▸ **ASSIGNMENT**: With pictures left out, retype the lines from the start of the records through the one that contains "IHC检测APG5L/ATG5蛋白(货号 GB15401). 样品: 人肝癌, 4%多聚甲醛".

[[ EXTRACTED MATERIAL open ]]

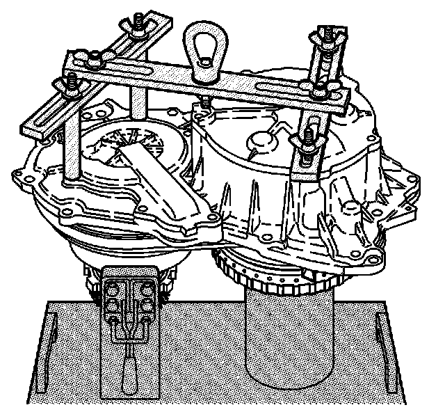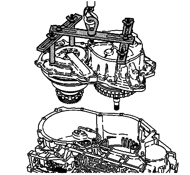 Using a suitable lifting device, carefully lift the case cover assembly - with forward clutch and input shaft - out of the J 44337 and lower into the transmission case assembly.
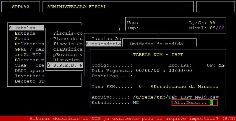No campo Alt.Descr informe a letra S se desejar alterar a descrição de NCM já existente no sistema pela do arquivo a ser importado, ou N para manter a descrição.
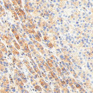 IHC检测APG5L/ATG5蛋白(货号 GB15401). 样品: 人肝癌, 4%多聚甲醛 (货号G1101) 固定12-24小时. 抗原修复: Tris-EDTA抗原修复液(pH 9.0) (G1203), 98℃, 20分钟. —抗: 1: 1000稀释, 4℃ 孵育过夜. 二抗: S-vision免疫组化多聚二抗(山羊抗兔),即用型 (货号G1302), 室温孵育20分钟. |
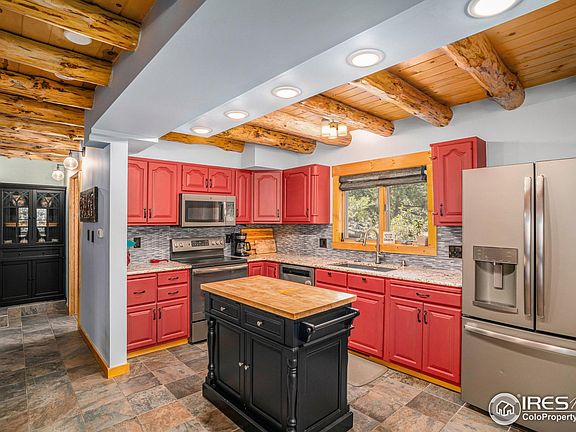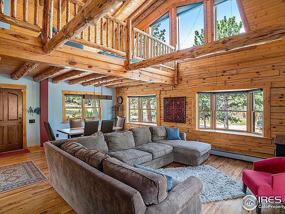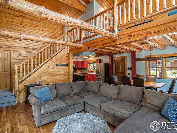 Escape to your sanctuary in the mountains with views of Rocky Mountain National Park from your covered deck. This log-built home has been recently updated with new carpet, remodeled bathrooms, incredible outdoor living with stamped concrete, fire-pit, hot tub, protected dog run with Astroturf and so much more. The open floor plan features vaulted ceilings with exposed beams, gourmet kitchen with granite countertops, main floor primary suite with flex room that would be great for an office, sitting room or exercise room. The loft upstairs is great for relaxing with generous natural light from the expansive windows. The one car heated garage and carport provides all the parking you need. Don't miss the fire pit on a nearly 3/4 acre lot with mature trees. All furniture and furnishings included in the sale.
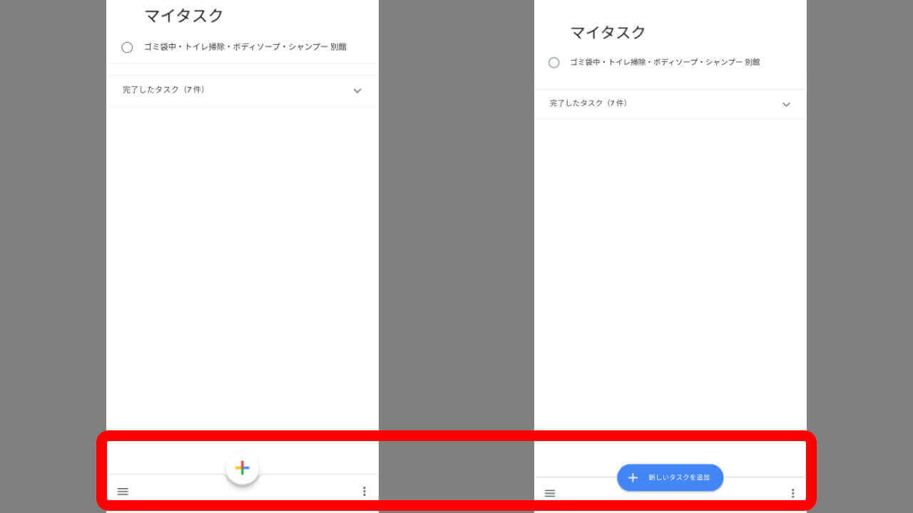 Android 版「ToDo リスト」アプリでちょっと刷新された部分は、“新しいタスクを追加” ボタンです。v1.6 では、新しいマテリアルデザインでは恒例となっているカラフルな “+” ボタンに変更されました。

[[ EXTRACTED MATERIAL closed ]]

▸ **WORKED SOLUTION**:
 Using a suitable lifting device, carefully lift the case cover assembly - with forward clutch and input shaft - out of the J 44337 and lower into the transmission case assembly.
No campo Alt.Descr informe a letra S se desejar alterar a descrição de NCM já existente no sistema pela do arquivo a ser importado, ou N para manter a descrição.
 IHC检测APG5L/ATG5蛋白(货号 GB15401). 样品: 人肝癌, 4%多聚甲醛 (货号G1101) 固定12-24小时. 抗原修复: Tris-EDTA抗原修复液(pH 9.0) (G1203), 98℃, 20分钟. —抗: 1: 1000稀释, 4℃ 孵育过夜. 二抗: S-vision免疫组化多聚二抗(山羊抗兔),即用型 (货号G1302), 室温孵育20分钟. |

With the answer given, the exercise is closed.